Suzanne DiMaggio, Ambassador U Kyaw Tin, Howard (ike) Reed, and Priscilla Clapp

Article by William Kustiono
Edit by Yvonne Lo

On June 26, 2013, Asia Society hosted a discussion about the future of Myanmar during its government’s transition. Joining us is Frank G. Wisner, the Foreign Affairs Advisors at Patton Boggs, Ambassador U Kyaw Tin, the Permanent Representative of Myanmar to the United Nations, Howard (Ike) Reed, the Director for Mainland Southeast Asia at the U.S. Department of State, Priscilla Clapp, a retired Minister- Counselor in the U.S. Foreign Service, Suzanne DiMaggio, the Vice President of Global Policy Programs at Asia Society. The topic of the discussion is about path to democracy, reducing the corruption, ending the conflict, and building the country’s economy.

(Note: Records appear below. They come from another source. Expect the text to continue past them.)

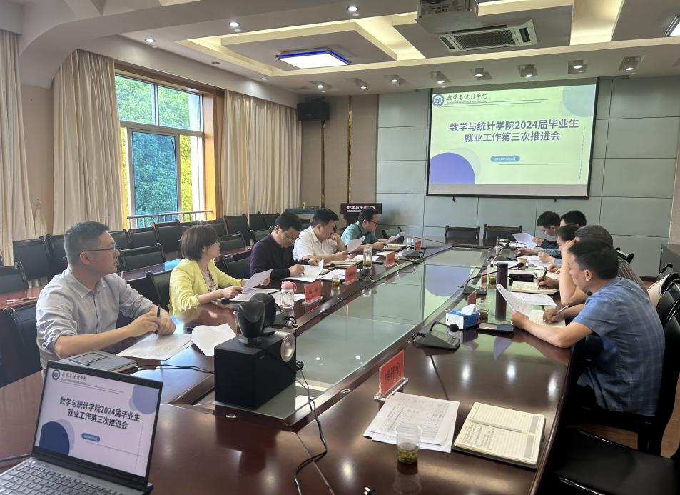 2024年5月8日下午,数学与统计学院在学院四楼会议室召开第三次就业工作推进会。学院领导班子、各系主任、学生科辅导员、2020级班主任参加了会议,会议由党总支书记赵魁轩主持。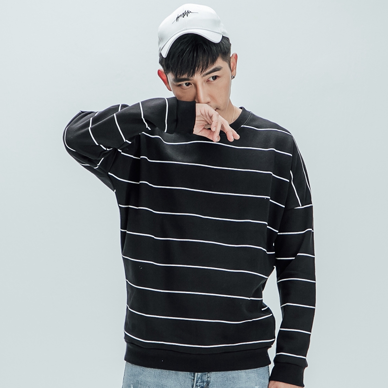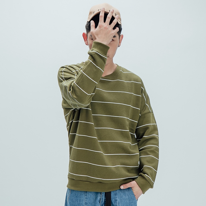 AOYAMA 韓國彩色寬條保暖刷毛落肩大學T【A6858】oversize 條文T 長T 情侶 大學T 帽T 青山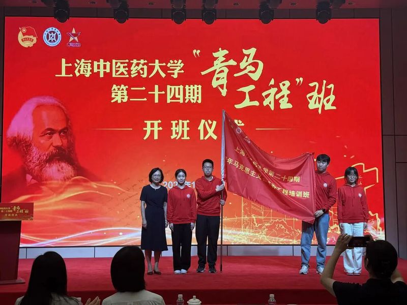 孟煜为第二十四期青马班学员代表授旗,上海中医药大学第二十四期“青年马克思主义者培养工程”班正式开班。

Myanmar’s government controlled by military since 1962, during this time there has been several conflicts about democracy and although there was a free and fair election in 1990, the government is still ruled by military. In 2008, under the Burmese constitutional referendum, the government will ensure creation of the democracy. Myanmar’s name changed from the “Union of Myanmar” to the “Republic of the Union of Myanmar” The conflict in Myanmar ended after the military junta dissolved in 2010.

Ambassador U Kyaw Thin further explained about what happened after the military dissolved in 2010. There has been a change in policy and a new election, there was a lot of skepticism about this election but after the election ends there was a lot of sincerity from people. Since 2011, there has been improvements in Myanmar, the government has a new constitution which will transform into democracy, it will eventually ended the military government and create a credible and active parliament. The new constitution will also provides more civil rights, freedom of speech, and removal of Myanmar’s censorship.

Priscilla Clapp added several comments about this improvement in Myanmar. She commented that Myanmar’s progress is moving slower. When she was in Myanmar in 1999, she saw there has been a plan for change in the government. The Burma’s roadmap to democracy also known as the 7 Step Plan is the key to restore the democracy in Myanmar. Priscilla also commented the new government need to move fast in 5 years period and continue to rebuild Myanmar after the conflict ends. Because this is Myanmar’s first democracy after over five decades in military, there are many things need to reform. And if people did not see any change during the five-year period, then there might be a rising conflict again.

Ambassador U Kyaw and Howard Reed also suggest that Myanmar should follow Indonesia as an icon in ASEAN. Indonesia’s economy has been increasing steadily under the leadership of President Susilo Bambang Yudhoyono (SBY). Indonesia has similar background with Myanmar, both of them have a history of a government that is based on military. In the modern days, although Indonesia has a military custom, the parliament is deciding its own decision without any help from the military. Myanmar on the other hand needs to reform the committee because the military has embroidered for more than five decade in the committee. It is hard to change the committee’s mindset because the role of military in the country is still cohesive. The committee is now facing many challenges such as conflicts, peace process, and cease-fire. Ambassador U Kyaw explained that the government is very serious to end the conflict to boost the economy in Myanmar. The government needs to step up and solve this problem among the ethnic groups, this is a serious case if they want to turn Myanmar into a prosperous country.

There was a conflict about Buddhist and Muslim in Myanmar that was brought to the discussion. Ambassador U Kyaw explained that the conflict is about immigration problem. It is also a culture clash between Buddhism and Muslim. The president is going to solve this issue because it is common in Myanmar to have many religions. Another issue that was brought to the speaker’s attention is about Aung San Suu Kyi, the Burmese opposition politician and chairperson of the National League Democracy in Burma. Priscilla commented that Suu Kyi is a great influencer and she is also a great and remarkable leader. About the election and her presidency in the next 2015 election, Priscilla cannot further comments because the decision is up to the parliament.

The discussion was ended by a remark from Ambassador U Kyaw about the Myanmar’s expatriates in United States. The government of Myanmar encourages the expatriates to continue their support to their home country. Howard is also commented that U.S. government is currently working on the Permanent Residence status for the Myanmar expats who want to stay in the United States. Priscilla also commented that the bonding between Myanmar people in United States and in their home country is strong. It is advisable to continue maintaining the connection between expats and their relatives in Myanmar in order to rebuild their country from the conflicts.